Even if the reactor cores were to melt and remain within the reactor vessel, consequences for the general population would be minimal.
There would be some release of radioactive material in excess of normally acceptable levels, but it would be minor compared to the fallout from the Chernobyl plant in 1986 and not pose a significant public health risk.
From the latest media reports, it appeared that all three reactor vessels were fully in tact and excess pressure within the containments had been intentionally vented. This included release of some radioactive material.

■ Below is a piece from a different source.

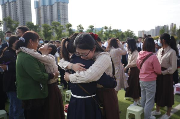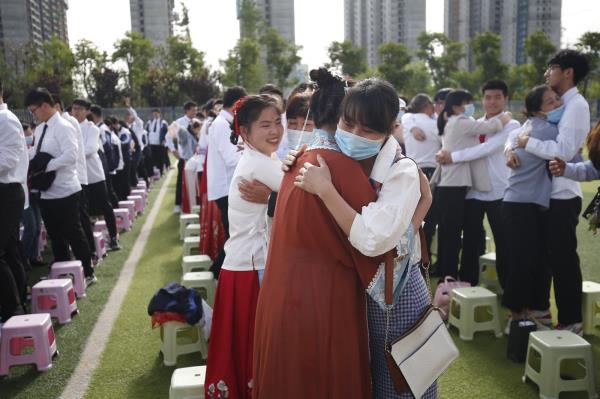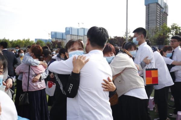 拥抱父母,感谢父母给予生命,感谢他们十八年来的辛勤付出;致敬老师,感谢老师们三年来的谆谆教导,细心培养。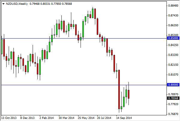 The NZD/USD pair went back and forth during the course of the week, testing the 0.80 level for resistance. It did in fact find it there, and as a result

“For New Zealanders in Japan, the only significant risk will be to people in the local area if a reactor explosion, with loss of integrity of the reactor containment, did occur. People should follow the instructions of the Japanese authorities regarding evacuation. Moving some distance from the reactor site is the most important risk-minimising procedure.
“Moving ten times further away will, on average, reduce radiation exposure one hundred times.”
Research Manager at GNS Science, Chris Kroger, said the Fukushima 1 Nuclear Power Plant operated boiling water reactors that used fresh water for three purposes: for cooling; to provide steam to the turbines; and to slow neutrons so they could be captured for sustainable nuclear fission.
“Because of this last use of water, these reactors cannot sustain nuclear fission after water is removed from around the fuel rods,” Dr Kroger said. This was a fundamental difference to the design of the Chernobyl plant, which allowed an uncontrolled nuclear fission chain reaction to take place after an increase in the steam/liquid water ratio.
After the magnitude 9 earthquake on Friday, reactor staff are understood to have successfully terminated the fission reactions in all reactors at Fukushima by inserting control rods and initiating emergency cooling of the fuel rods. This was normal procedure in an emergency. The tsunami that invaded the area then caused the breakdown of emergency cooling, which in turn had the potential to cause core melting and explosions.
While partial core melting contained in a reactor vessel does not pose a risk of significant radiation exposure, an explosion leading to loss of the reactor vessel and containment integrity could distribute fission products in the vicinity of the power plant and beyond.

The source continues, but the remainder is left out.